Selective display refers to a pair of related features for hiding certain lines on the screen.

The first variant, explicit selective display, is designed for use in a Lisp program: it controls which lines are hidden by altering the text. This kind of hiding in some ways resembles the effect of the invisible property (see Invisible Text), but the two features are different and do not work the same way.

In the second variant, the choice of lines to hide is made automatically based on indentation. This variant is designed to be a user-level feature.

The way you control explicit selective display is by replacing a newline (control-j) with a carriage return (control-m). The text that was formerly a line following that newline is now hidden. Strictly speaking, it is temporarily no longer a line at all, since only newlines can separate lines; it is now part of the previous line.

Selective display does not directly affect editing commands. For example, C-f (forward-char) moves point unhesitatingly into hidden text. However, the replacement of newline characters with carriage return characters affects some editing commands. For example, next-line skips hidden lines, since it searches only for newlines. Modes that use selective display can also define commands that take account of the newlines, or that control which parts of the text are hidden.

When you write a selectively displayed buffer into a file, all the control-m's are output as newlines. This means that when you next read in the file, it looks OK, with nothing hidden. The selective display effect is seen only within Emacs.

— Variable: selective-display

This buffer-local variable enables selective display. This means that lines, or portions of lines, may be made hidden.
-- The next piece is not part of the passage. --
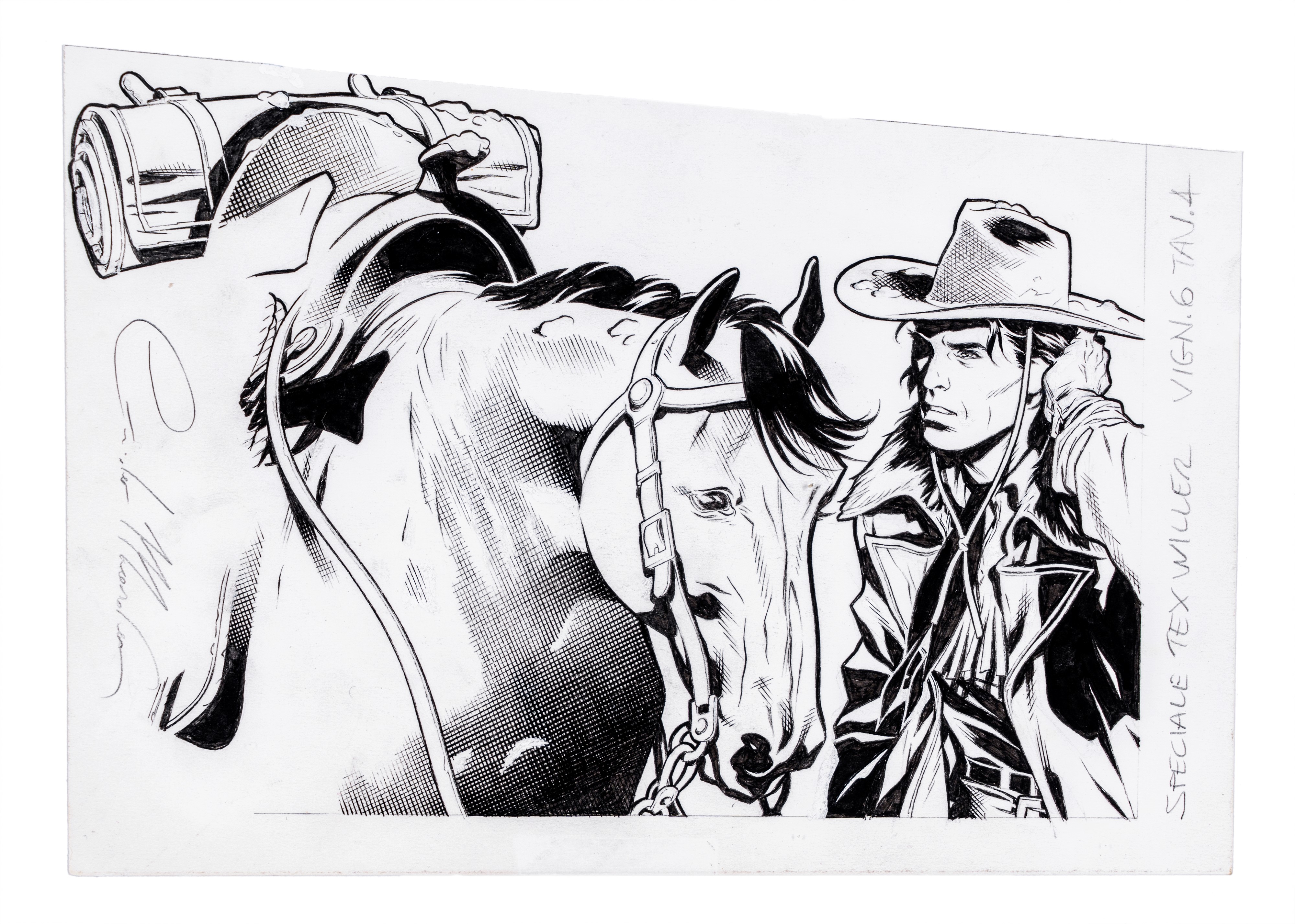 Lot composed of an original comic strip and a vignette created by Masala for a Tex Willer special. Both are signed.

When some portion of a buffer is hidden, the vertical movement commands operate as if that portion did not exist, allowing a single next-line command to skip any number of hidden lines. However, character movement commands (such as forward-char) do not skip the hidden portion, and it is possible (if tricky) to insert or delete text in an hidden portion.

In the examples below, we show the display appearance of the buffer foo, which changes with the value of selective-display. The contents of the buffer do not change.

          (setq selective-display nil)
               ⇒ nil
          
          ---------- Buffer: foo ----------
          1 on this column
           2on this column
            3n this column
            3n this column
           2on this column
          1 on this column
          ---------- Buffer: foo ----------
          
          (setq selective-display 2)
               ⇒ 2
          
          ---------- Buffer: foo ----------
          1 on this column
           2on this column
           2on this column
          1 on this column
          ---------- Buffer: foo ----------
— User Option: selective-display-ellipses

If this buffer-local variable is non-nil, then Emacs displays ‘...’ at the end of a line that is followed by hidden text. This example is a continuation of the previous one.

          (setq selective-display-ellipses t)
               ⇒ t
          
          ---------- Buffer: foo ----------
          1 on this column
           2on this column ...
           2on this column
          1 on this column
          ---------- Buffer: foo ----------

You can use a display table to substitute other text for the ellipsis (‘...’). See Display Tables.